Department of Public Administration

Declining enrollment and low student-to-faculty ratios factored into the committee’s decision to deny appeals for the MLS legal studies and MPA public administration programs in the Department of Public Administration. Preliminary recommendations called for discontinuing both programs.

Additional considerations included that there is no dedicated faculty leadership for MLS legal studies and, while the Eberly College of Arts and Sciences unit presented a plan to develop the MPA public administration as an online degree, the online market is already dominated by large, national online
institutions.

The final recommendation is to discontinue both programs and get rid of all faculty positions in the unit.

School of Design and Community Development

The appeals process netted several changes of preliminary recommendations for the School of Design and Community Development, including a unanimous decision to keep the BSLA landscape architecture major.

The successful appeal comes with requirements to provide the provost’s office with a recruitment and marketing plan by Oct. 31 to increase first-time freshmen enrollment in the program and set a target enrollment to achieve by fall 2026.

The unit must also agree to follow-up reporting on fall enrollment for each of the next three academic years.

To address concerns about the low student-to-faculty ratio, the school presented a plan to discontinue the MSLA landscape architecture program, which would allow for the delivery of the BSLA landscape architecture major with fewer faculty.

“The school made a strong case for retaining the BSLA major by demonstrating it could achieve efficiencies while addressing the needs of landscape architecture students who do not have a similar degree program to pursue here at the university,” Provost and Vice President for Academic Affairs Maryanne Reed said.

The BS interior architecture, BS design studies and BS fashion, design and merchandising programs will be moved out of the school and Davis College and into the new college resulting from the College of Creative Arts and Reed College of Media merger.

“Bringing these design programs into the new merged college will enable students to benefit from the new collaborative curricula and instruction that can arise by such restructuring,” Reed said. “This epitomizes the goals of Academic Transformation.”

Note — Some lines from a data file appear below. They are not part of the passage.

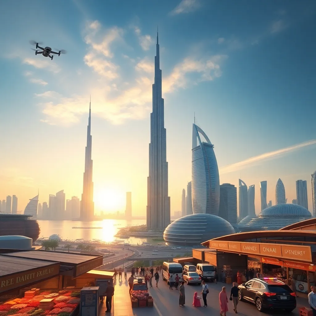 Create an AI-generated image of a futuristic Dubai cityscape at sunset, with sleek skyscrapers, a serene Arabian Gulf, and a vibrant market scene in the foreground. Incorporate iconic landmarks like the Burj Khalifa and Dubai Mall, with a touch of futuristic elements like drones and self-driving cars.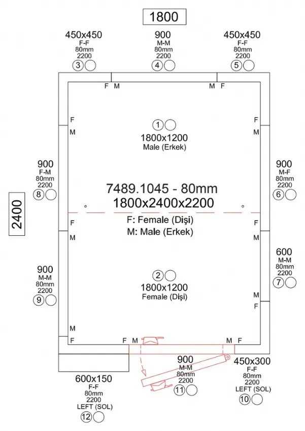 | Dimensions ext chambre (LxPxH) (mm) | 1800x2100x2200 |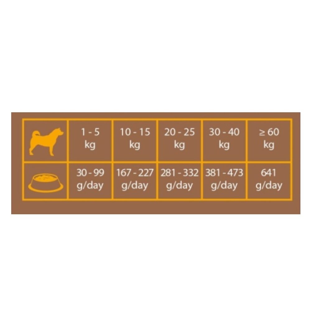 Složení: Obiloviny (rýže 5 %), maso a vedlejší produkty živočišného původu (čerstvé drůbeží maso 10 %, drůbeží maso 10 %), oleje a tuky ( drůbeží tuk), produkty rostlinného původu, ryby a vedlejší rybí produkty, minerální látky, ovoce (jablko 1,000 mg/kg a borůvky 1,000 mg/kg), kvasnice (500 mg/kg).
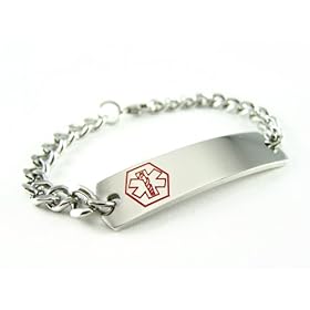 Pre Engraved - Coumadin Medical Alert ID Bracelet, Curb Chain: Jewelry. Black engraving is highly recommended to increase visibility. Coumadin Medical Alert Bracelets are very important to have on you at all time. Medical IDs can save your life if you are ever unable to speak for yourself. This medical bracelet comes with BLACK pre-engraved, medical information, that is easy to see and read. Medical ID Card is included with all items.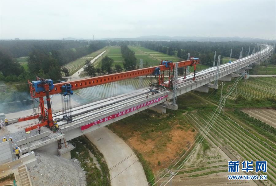 5月20日,福平鐵路洋中特大橋最后一片T型梁成功架設(shè)(無人機(jī)照片)。新華社記者林善傳攝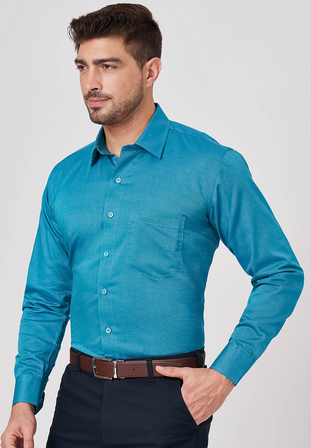 This blue micro dobby formal shirt offers a comfortable regular fit that ensures ease of movement throughout your busy day. Crafted with attention to detail, its plain design pairs effortlessly with any outfit, making it a versatile addition to your professional wardrobe. Ideal for office wear or formal occasions, this shirt combines classic style with dependable comfort.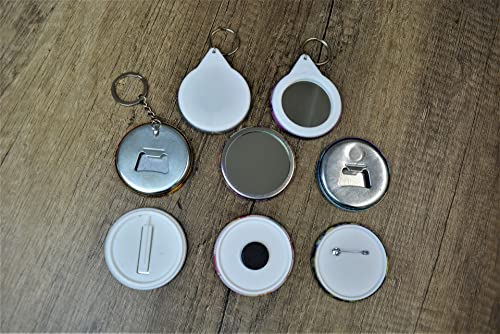 La confezione contiene: macchina crea spille, cutter rotondo, piano di taglio, materiale d'assemblaggio per 100 spille e semplici istruzioni, devi solo scegliere la dimensione!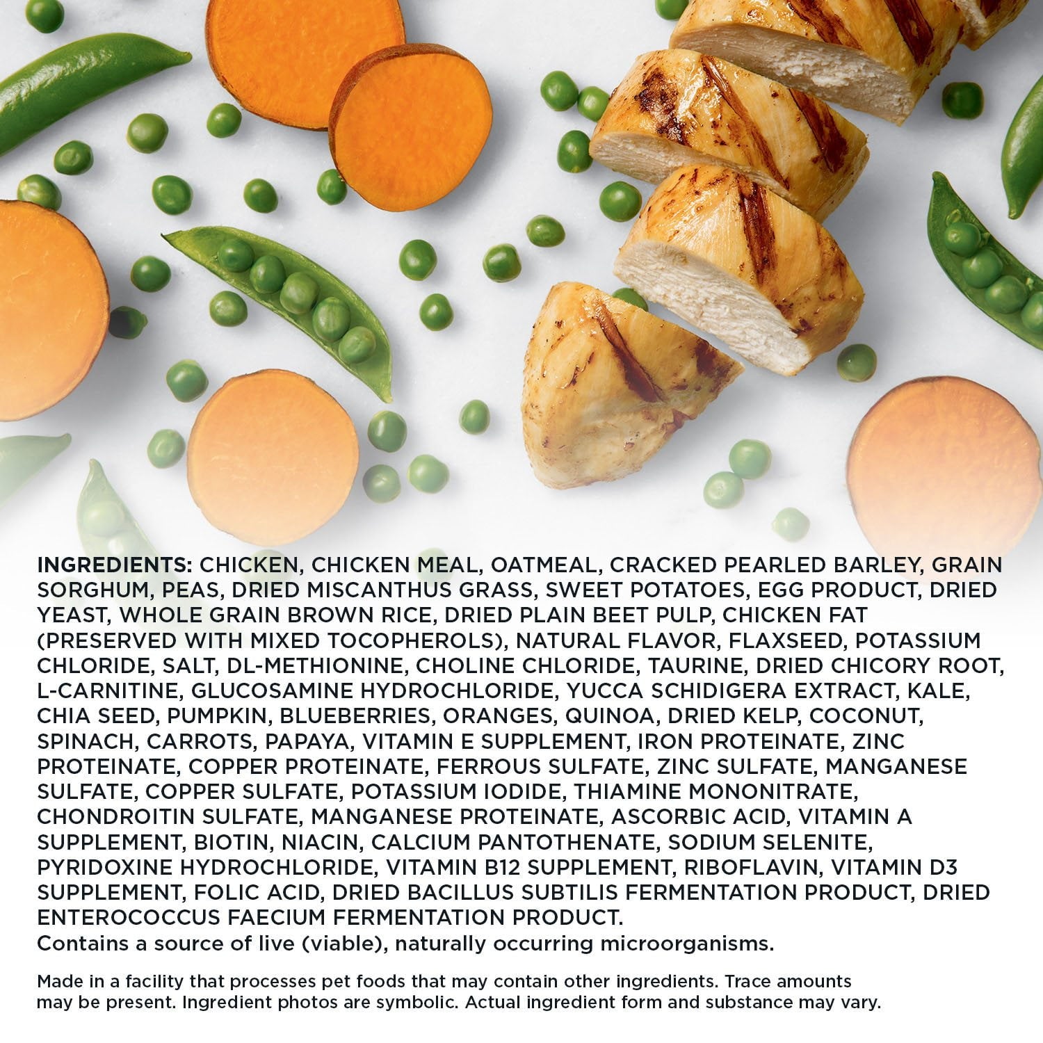 | Ingredient List: | Chicken, Chicken Meal, Oatmeal, Cracked Pearled Barley, Grain Sorghum, Peas, Dried Miscanthus Grass, Sweet Potatoes, Egg Product, Dried Yeast, Whole Grain Brown Rice, Dried Plain Beet Pulp, Chicken Fat (Preserved With Mixed Tocopherols), Natural Flavor, Flaxseed, Potassium Chloride, Salt, Dl-Methionine, Choline Chloride, Taurine, Dried Chicory Root, L-Carnitine, Glucosamine Hydrochloride, Yucca Schidigera Extract, Kale, Chia Seed, Pumpkin, Blueberries, Oranges, Quinoa, Dried Kelp, Coconut, Spinach, Carrots, Papaya, Vitamin E Supplement, Iron Proteinate, Zinc Proteinate, Copper Proteinate, Ferrous Sulfate, Zinc Sulfate, Manganese Sulfate, Copper Sulfate, Potassium Iodide, Thiamine Mononitrate, Chondroitin Sulfate, Manganese Proteinate, Ascorbic Acid, Vitamin A Supplement, Biotin, Niacin, Calcium Pantothenate, Sodium Selenite, Pyridoxine Hydrochloride, Vitamin B12 Supplement, Riboflavin, Vitamin D3 Supplement, Folic Acid, Dried Bacillus Subtilis Fermentation Product, Dried Enterococcus Faecium Fermentation Product |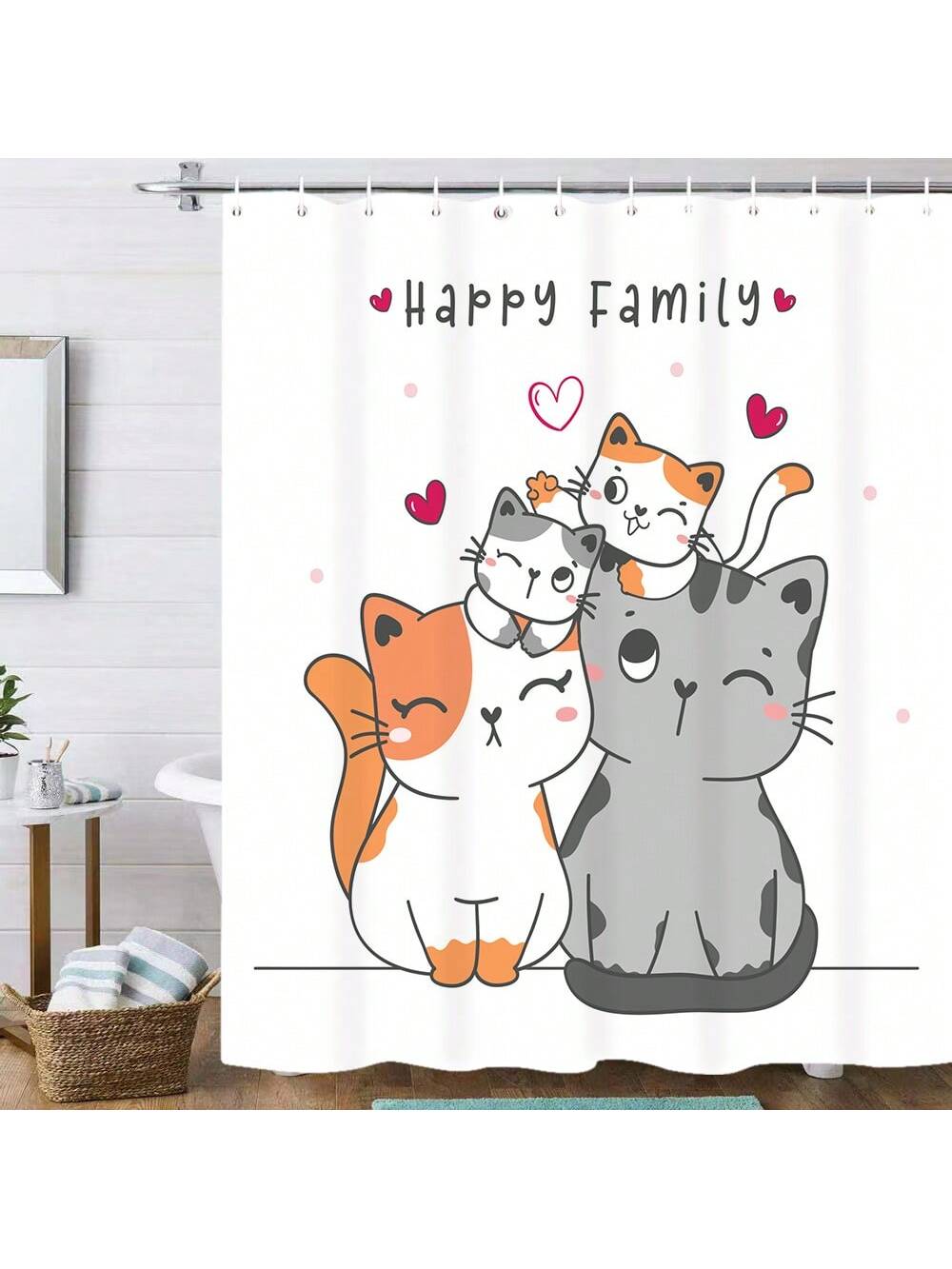 Whimsical Cartoon Cat Family Shower Curtain: A Fun and Functional Bathroom Decoration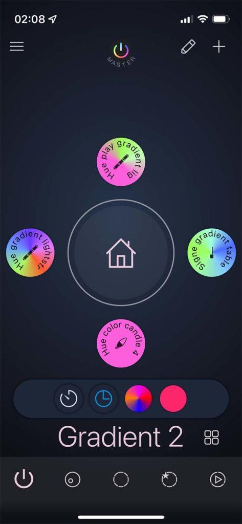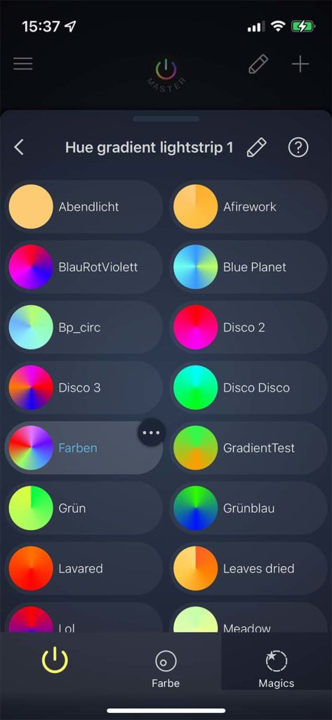 Wir freuen uns, Dir volle Unterstützung für Gradientenleuchten anzukündigen – und zwar JEDE dieser Art! Du kannst jetzt Magische Szenen mit nur einem einzigen Tipp auf diesen Leuchten aktivieren, ebenfalls erhältst Du Gradienten bei in Gruppen aktivierten Magischen Szenen (dies kannst Du ggf. in den Einstellungen abschalten). Zusätzlich kannst Du jetzt Szenen mit Gradienten erzeugen und überall in der App nutzen – beispielsweise für Timer, Schalter, Kommen-/Gehen-Aktionen. Drag & Drop funktioniert zwischen Gradientenleuchten ebenso. Der Pro-Lichtmigrationswizard, der Dir die Arbeit beim Tausch von Lampen abnimmt, unterstützt sie. Ebenso funktionieren sie im Widget und für Siri Shortcuts.
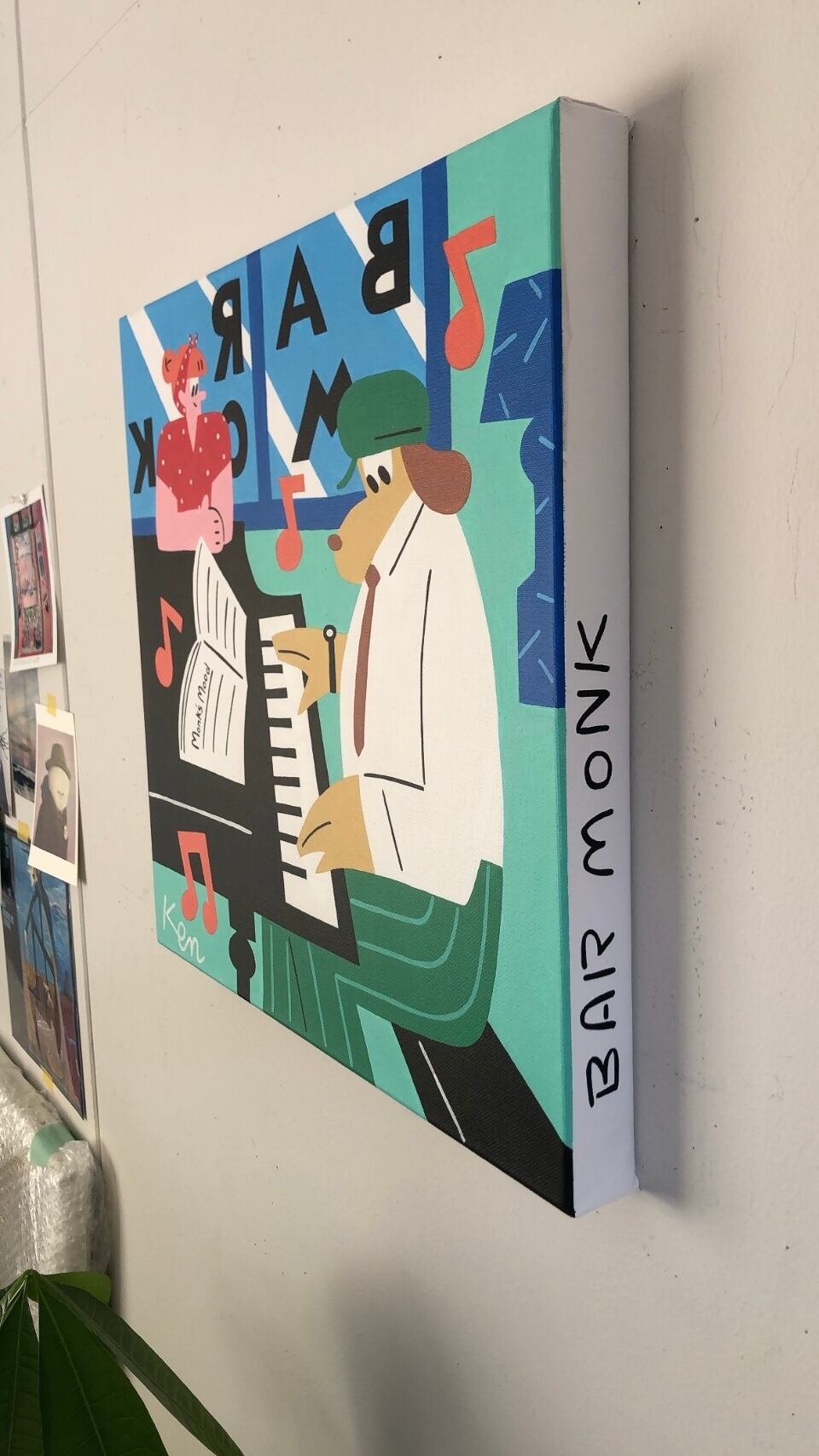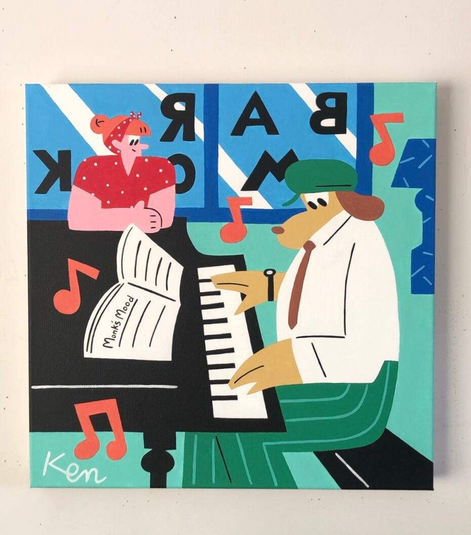 ピアノバーで演奏する犬のジャズピアニスト。厚みのある正方形のキャンバスがpopです。側面には作品のタイトルが描かれています。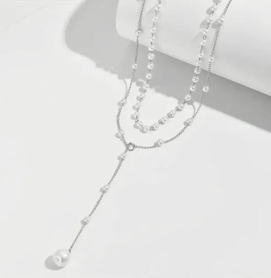 Elegant Wedding Round Alloy Pearl chain Y-necklaces Wholesale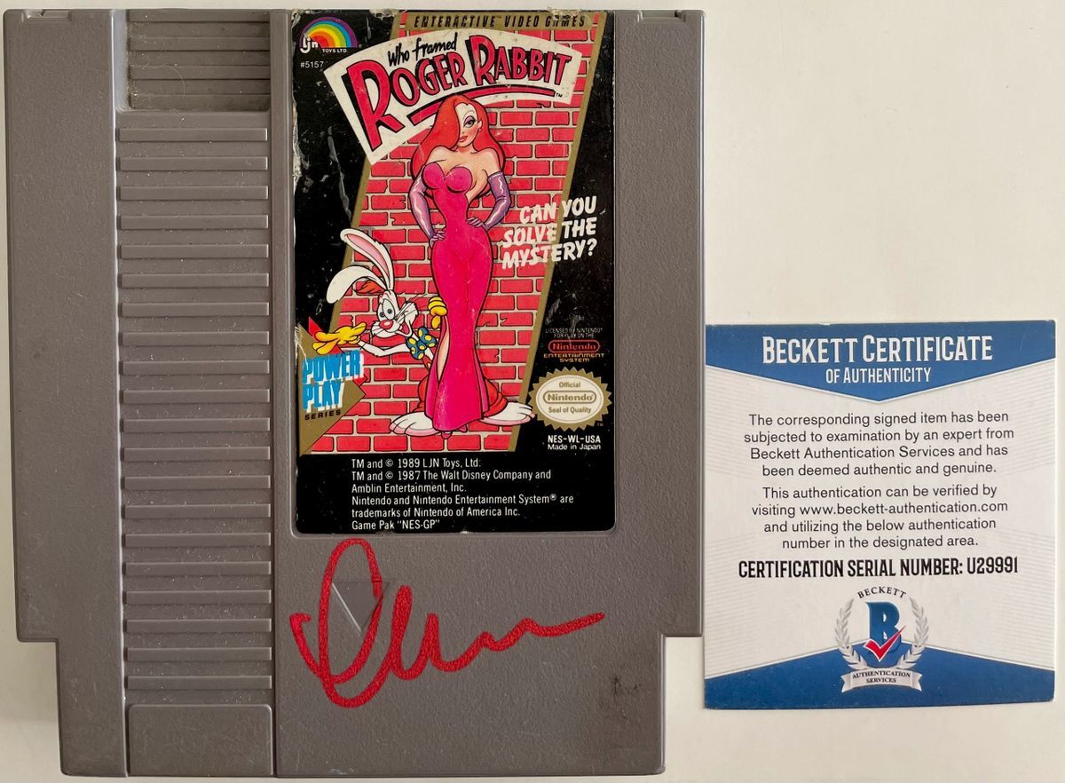 Who Framed Roger Rabbit Original Nintendo (NES) video game cartridge, hand signed in person by actor Charles Fleischer who was the voice of Roger Rabbit in Who Framed Roger Rabbit. This is a clean, well placed signature, signed in a flowing Red 2MM Molotow Paint Pen that really pops off of the front of this Who Framed Roger Rabbit Original Nintendo (NES) video game cartridge. Please see photos before purchasing as there are some minor flaws to the sticker. Cartridge still displays great as you can see in the photos. Item has been authenticated by Beckett Authentication Services, one of the most reputable third party authentication companies in the world, and includes the Beckett Certificate of Authenticity Card.
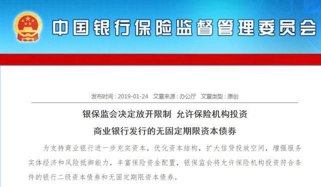 中新经纬客户端1月24日电 据银保监会网站24日晚间消息,为支持商业银行进一步充实资本,优化资本结构,扩大信贷投放空间,增强服务实体经济和风险抵御能力,丰富保险资金配置,银保监会决定放开限制,将允许保险机构投资符合条件的银行二级资本债券和无固定期限资本债券。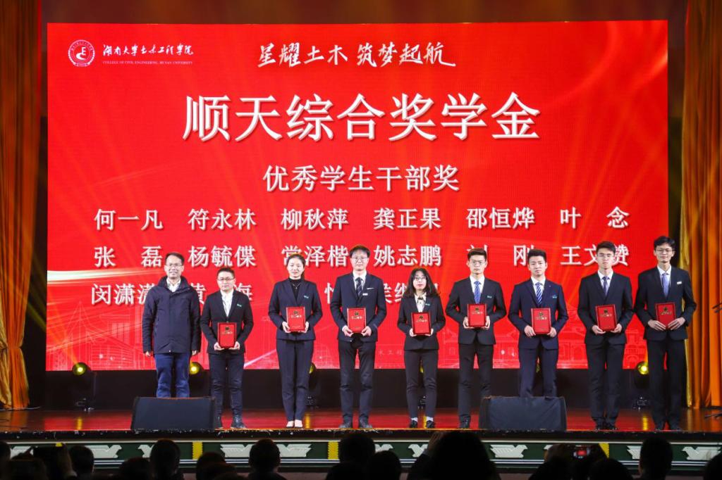 典礼上共表彰了165名优秀个人和11个优秀集体,设奖单位代表及校院领导老师为“肖春源奖助学金”、“皓芬奖学金”、“杨运传奖助学金”、“78级公路校友奖学金”、“83级校友奖助学金”、“九二级校友奖学金”、“廖宏奖学金”、“98级建筑工程专业校友奖助学金”、“工民建专业89级奖助学金”、“暖通基金”、“修邦代建奖学金”、“顺天综合奖学金”等12个奖项的获奖学生分别颁奖,并为本年度有突出表现的个人佩戴绶带。

Proposals for the BS-AGR agriculture and Extension education, BS environmental and community planning, and PhD human and community development majors were not appealed. The number of faculty positions in the unit should be reduced from its current number to 21 under the final
recommendations.

Process and next steps

The Program Review Appeal Committee held hearings between Aug. 24-Sept. 1 for 19 of the 25 programs under review. The School of Medicine, School of Pharmacy, Center for Women’s and Gender Studies, Department of Philosophy, Management Department and Department of Mining Engineering did not file notices of appeal.

The Board of Governors will hear public comments from those who have signed up or submitted comments in writing in advance of Sept. 14 before a planned vote on the final recommendations during its regular meeting on Sept. 15.